BEGIN Exercise material
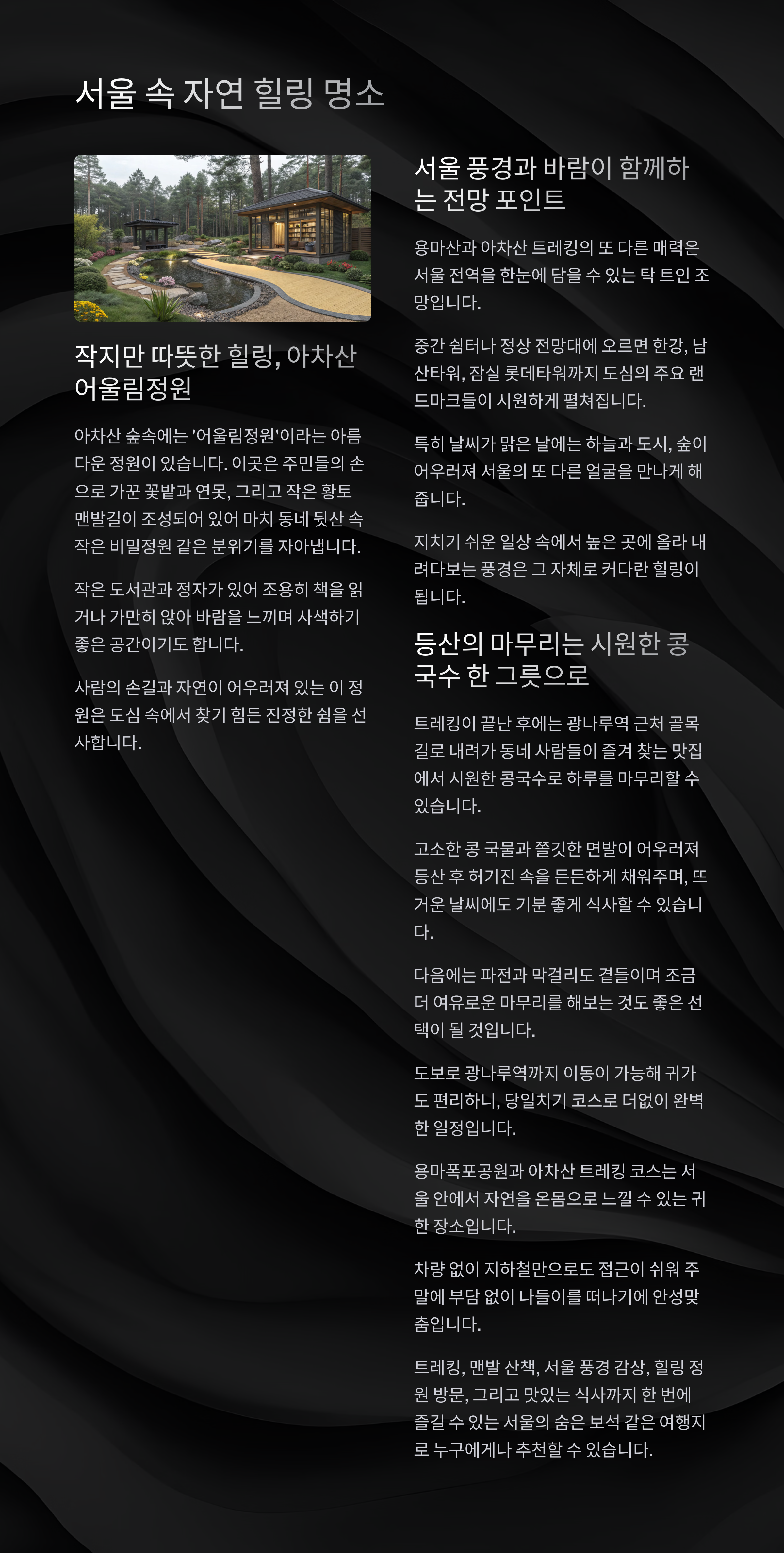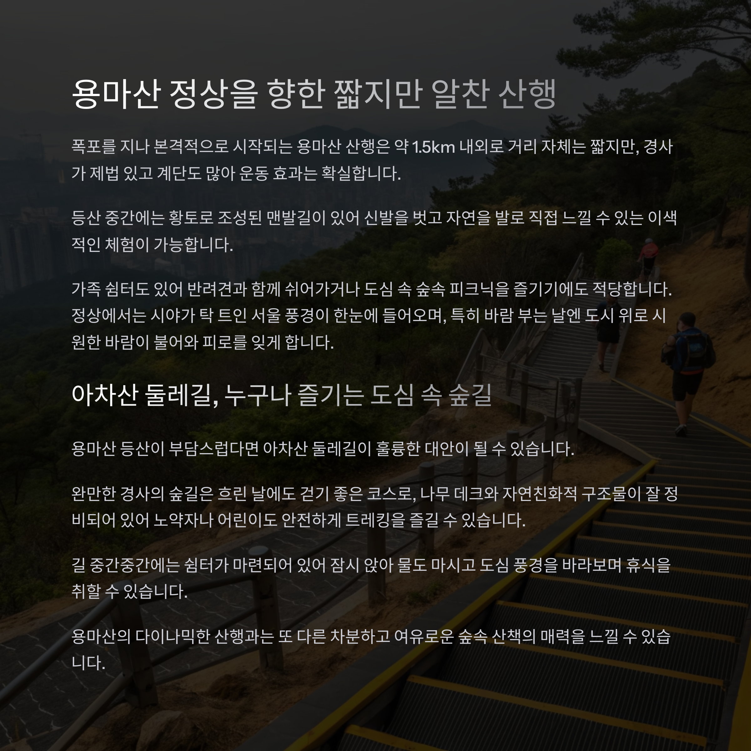 서울에서 자연과 함께하는 여유로운 하루를 보내고 싶다면, 지하철 7호선 용마산역 1번 출구에서 시작하는 트레킹 코스를 추천드립니다. 이곳에는 동양 최대 규모의 인공폭포인 ‘용마폭포’가 웅장한 물줄기를 자랑하며, 맨발로 걷는 황토길과 도심이 한눈에 내려다보이는 용마산 전망대까지 다양한 자연 체험이 기다리고 있습니다. 아차산 둘레길과 어울림정원을 함께 즐기면 서울 안에서도 충분한 힐링이 가능합니다.
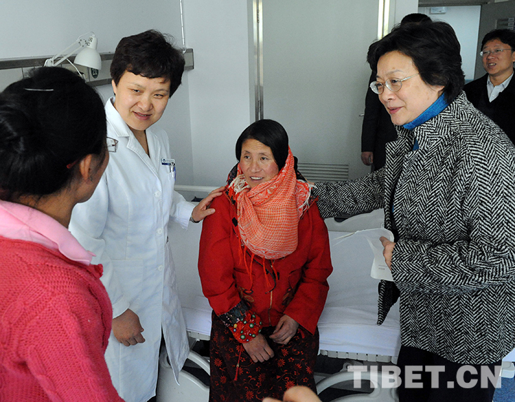 這是時任全國婦聯(lián)副主席甄硯(右一)受時任十一屆全國人大常委會副委員長陳至立委托,到北京口腔醫(yī)院看望斯求卓瑪,并送來慰問金(唐召明2010年4月14日攝)
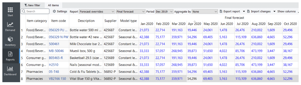 This report shows only the forecast adjustments made manually in the Forecast overrides row of the Table view on the Demand forecasting tab. It is useful when you need to ensure that all the adjustments you intended to do were done.
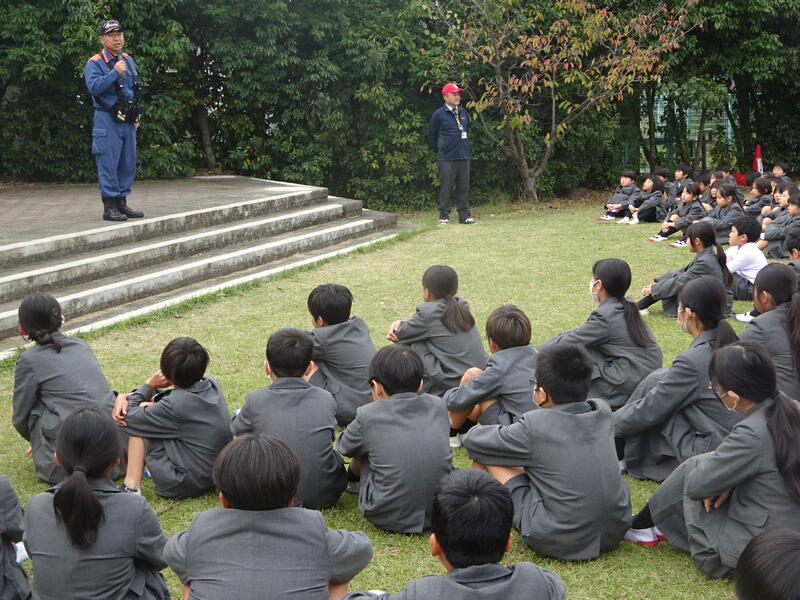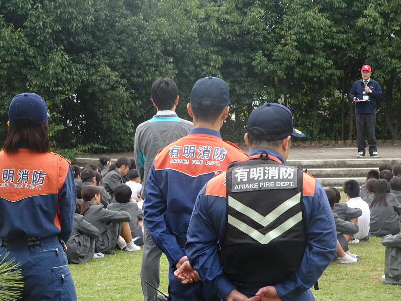 集合後は、校長先生から、「自分の命は自分で守るという合言葉がありますが、防ぐことができる火事を防ぐことも命を守ることにつながります。火のそばから離れない。暖房器具はきちんと消す。火遊びをしない。防ぐことができる火事は防いできましょう。」という話がありました。
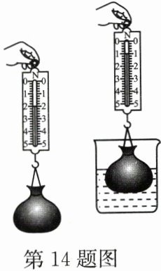 14. 如图所示,为了验证阿基米德原理,小明在一只塑料袋(塑料袋很轻、很薄)中装入大半袋水,用弹簧测力计测出盛有水的塑料袋所受重力的大小. 再将塑料袋慢慢浸入水中,观察到弹簧测力计的示数变
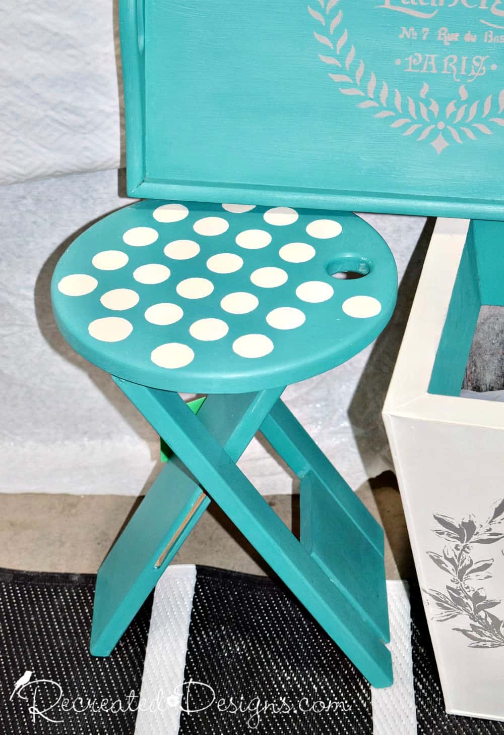 You don’t want to regret missing out on that perfect piece.turquoise painted stool with white polka dotsA big thanks to AKB Creations, Paint-Er Up and Karla’s Creations for letting me photograph their gorgeous pieces. (ps – the “take a peak” picture is not theirs!)
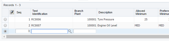 Branch/Plant is an optional field for test, specification and preference profile setup. The use of Branch/Plant must be considered prior to beginning the setup process. If the Blank branch is used, you must use Blank branch/plant for the test, specification and preference profile. If you wish to use a specific allowed range for a specific branch you must then setup a set of specification, test and quality preference profile for the specific branch individually.
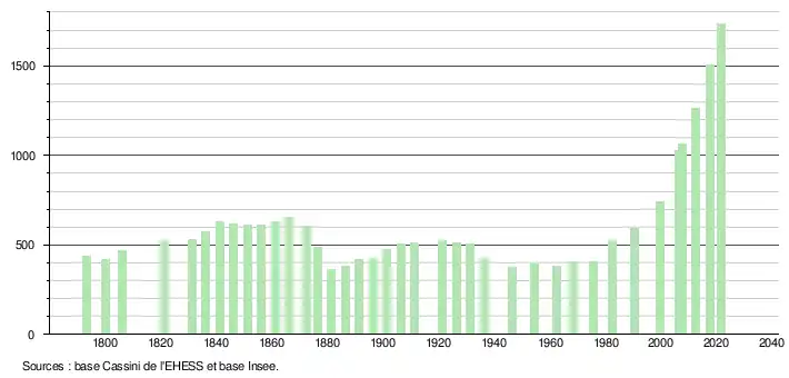 L'évolution du nombre d'habitants est connue à travers les recensements de la population effectués dans la commune depuis 1793. Pour les communes de moins de 10 000 habitants, une enquête de recensement portant sur toute la population est réalisée tous les cinq ans, les populations légales des années intermédiaires étant quant à elles estimées par interpolation ou extrapolation[22]. Pour la commune, le premier recensement exhaustif entrant dans le cadre du nouveau dispositif a été réalisé en 2007[23].
END Exercise material
● **What you need to do**:
Write out again every line above exactly as given; the pictures do not belong in the copy.

● **Task result**:
 서울에서 자연과 함께하는 여유로운 하루를 보내고 싶다면, 지하철 7호선 용마산역 1번 출구에서 시작하는 트레킹 코스를 추천드립니다. 이곳에는 동양 최대 규모의 인공폭포인 ‘용마폭포’가 웅장한 물줄기를 자랑하며, 맨발로 걷는 황토길과 도심이 한눈에 내려다보이는 용마산 전망대까지 다양한 자연 체험이 기다리고 있습니다. 아차산 둘레길과 어울림정원을 함께 즐기면 서울 안에서도 충분한 힐링이 가능합니다.
 這是時任全國婦聯(lián)副主席甄硯(右一)受時任十一屆全國人大常委會副委員長陳至立委托,到北京口腔醫(yī)院看望斯求卓瑪,并送來慰問金(唐召明2010年4月14日攝)
 This report shows only the forecast adjustments made manually in the Forecast overrides row of the Table view on the Demand forecasting tab. It is useful when you need to ensure that all the adjustments you intended to do were done.
 集合後は、校長先生から、「自分の命は自分で守るという合言葉がありますが、防ぐことができる火事を防ぐことも命を守ることにつながります。火のそばから離れない。暖房器具はきちんと消す。火遊びをしない。防ぐことができる火事は防いできましょう。」という話がありました。
 14. 如图所示,为了验证阿基米德原理,小明在一只塑料袋(塑料袋很轻、很薄)中装入大半袋水,用弹簧测力计测出盛有水的塑料袋所受重力的大小. 再将塑料袋慢慢浸入水中,观察到弹簧测力计的示数变
 You don’t want to regret missing out on that perfect piece.turquoise painted stool with white polka dotsA big thanks to AKB Creations, Paint-Er Up and Karla’s Creations for letting me photograph their gorgeous pieces. (ps – the “take a peak” picture is not theirs!)
 Branch/Plant is an optional field for test, specification and preference profile setup. The use of Branch/Plant must be considered prior to beginning the setup process. If the Blank branch is used, you must use Blank branch/plant for the test, specification and preference profile. If you wish to use a specific allowed range for a specific branch you must then setup a set of specification, test and quality preference profile for the specific branch individually.
 L'évolution du nombre d'habitants est connue à travers les recensements de la population effectués dans la commune depuis 1793. Pour les communes de moins de 10 000 habitants, une enquête de recensement portant sur toute la population est réalisée tous les cinq ans, les populations légales des années intermédiaires étant quant à elles estimées par interpolation ou extrapolation[22]. Pour la commune, le premier recensement exhaustif entrant dans le cadre du nouveau dispositif a été réalisé en 2007[23].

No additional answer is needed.